NPI Catat Surplus
A
A
A
NERACA Perdagangan Indonesia (NPI) mencatat surplus sebesar USD8,16 miliar sepanjang Januari – Oktober 2015. Surplus tersebut tercipta dari kumulatif ekspor sebesar USD127,22 miliar dibanding kumulatif impor sebesar USD119,05 miliar. Pencapaian surplus NPI pada Januari hingga Oktober adalah tertinggi sejak 2011.
Meski nilai ekspor lebih tinggi dari nilai impor pada priode Januari – Oktober pada tahun ini, namun terjadi penurunan sekitar 14,04% dibanding periode yang sama tahun lalu. Sementara itu, penurunan nilai impor sepanjang Januari – Oktober 2015 mencapai 20,47% dibanding periode yang sama pada tahun lalu. Adapun komoditi ekspor terbesar meliputi lemak dan minyak hewan nabati dan bahan bakar mineral.
Adapun negara tujuan ekspor terbesar sepanjang periode Januari – Oktober 2015 meliputi Amerika Serikat (AS) dengan total nilai ekspor sebesar USD12,83 miliar, menyusul Tiongkok sekitar USD11,01 miliar, dan Jepang senilai USD10,91 miliar. Sedangkan ekspor ke kawasan ASEAN tercatat USD23,01 miliar dan negara yang tergabung dalam Uni Eropa mencapai sebesar USD12,46 miliar.

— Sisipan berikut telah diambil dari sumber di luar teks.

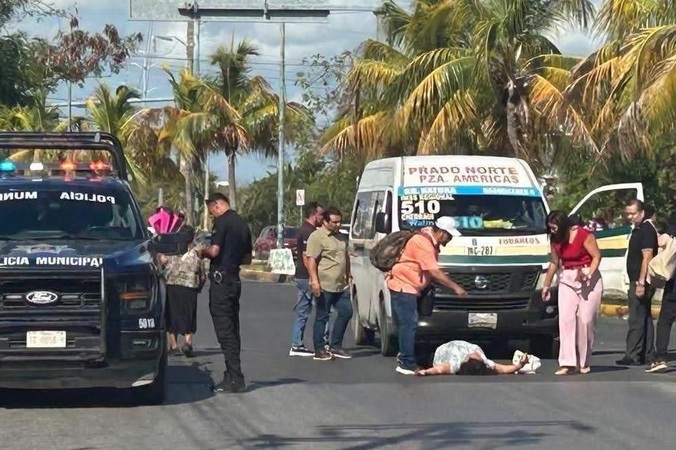 De acuerdo con los primeros reportes, la mujer intentaba cruzar la avenida Xcaret cuando fue impactada por una combi, quedando tendida sobre el pavimento.

Berkaitan peningkatan kinerja ekspor pemerintah mulai fokus menggarap sejumlah pasar nontradisional (di luar AS, Tiongkok dan Jepang). Sebaliknya, sumber impor terbesar didominasi Tiongkok senilai USD23,82 miliar, disusul Jepang sebesar USD11,31 miliar, dan Singapura tercatat sebesar USD7,31 miliar.
Berdasarkan data publikasi terbaru Badan Pusat Statistik (BPS) nilai ekspor masih dalam kecenderungan menurun. Tengok saja, nilai ekspor pada Oktober pada tahun ini tercatat USD12,08 miliar mengalami penurunan sekitar 4% dibandingkan nilai ekspor pada September 2015. Ditengarai penurunan nilai ekspor tersebut disebabkan harga sejumlah komoditas ekspor masih stagnan.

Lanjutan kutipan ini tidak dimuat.